The Credit Card Splash Down
Posted: January 14th, 2008, 11:37 am
Mish
Credit Card Time Bomb Is Ticking Away
The Next Subprime
While searching for information on securitizations I came across this article from October 30 2007: The $915B bomb in consumers' wallets.
This past summer's subprime meltdown involved about $900 billion in now-suspect securitized debt, reckless lending, and consumers who buckled under the weight of loans they couldn't afford. Now another link in the consumer debt chain - credit cards - is starting to show signs of strain. And the fear that the $915 billion in U.S. credit card debt (an uncannily similar figure) may blow up has major financial institutions like Citigroup, American Express, and Bank of America strapping on their Kevlar vests.
"This is absolutely not the next one to blow," says Meredith Whitney, banking analyst at CIBC. Christopher Marshall, CFO of Fifth Third Bancorp in Cincinnati, points out that the U.S. has a long history of credit card securitization, "so it's fairly well understood." The securitization of the subprime sector, by comparison, "got blurry, and people didn't focus on what it meant."
[My Comment: Anyone care to revise that forecast?]

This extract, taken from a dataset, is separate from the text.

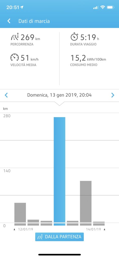 Una cena a Moena con partenza da Riva del Garda e ritorno: sono 269 km totali, di cui 62 in autostrada e la restante parte di strada di montagna, tempo di percorrenza di poco più di 5 ore. All’andata una temperatura vicina allo zero per i primi chilometri e di circa -6 nella seconda parte del percorso, con riscaldamento impostato a 23°. L’auto è dotata di pompa di calore, che consente di recuperare il poco calore prodotto dal motore elettrico e di utilizzarlo per climatizzare l’abitacolo. Forse le condizioni peggiori che ho incontrato fino ad ora. Partito con la batteria al 100% e l’auto preclimatizzata, ho raggiunto Moena con il 10% di batteria. Ho collegato l’auto alla colonnina di Dolomiti Energia in centro e sono andato a cena. Nelle tre ore e mezza della cena l’auto ha recuperato circa il 70 % della batteria, più che sufficienti per tornare a casa a fine serata, nonostante la temperatura fosse calata a -10 gradi in zona Moena e fino a Trento, e fosse di un paio di gradi sotto zero da Trento in poi. Velocità media 51 km/h, consumo medio 15,2 KWh/100km. Sopra a sinistra i dati di consuntivo del viaggio.

Credit agencies that monitor credit cards in the asset-backed securities market share that confidence. "The performance in the core consumer [asset-backed securities] sectors is expected to deteriorate modestly, but not enough to cause substantial downgrades," says Kevin Duignan, managing director at Fitch.
[My comment: Is Fitch ever right?]
But credit card debt is different from subprime debt in another way: Unlike mortgages, credit card debt is unsecured, so a default means a total loss. And while missed payments are at a historical low, they show signs of an uptick: The quarterly delinquency rate for Capital One, Washington Mutual, Citigroup, J.P. Morgan Chase, and Bank of America rose an average of 13% in the third quarter, compared with a 2% drop in the previous quarter.
If there is an international precedent the U.S. should be watching, it's actually that of the U.K. British consumers are just as overstretched as Americans, but since the real estate market there rose faster and fell earlier, they're about 18 months ahead in the credit cycle. Since the last quarter of 2005, credit card delinquencies and charge-off rates in Britain have risen as much as 50%, forcing banks to take huge write-offs.
It's a sign of the times that, according to one survey last month, 6% of British homeowners have been using their credit cards to pay their mortgages. That's suicidal, of course, given that credit card interest rates are more than double even the heftiest mortgage. Keep your fingers crossed that it's not a trend that crosses the Atlantic.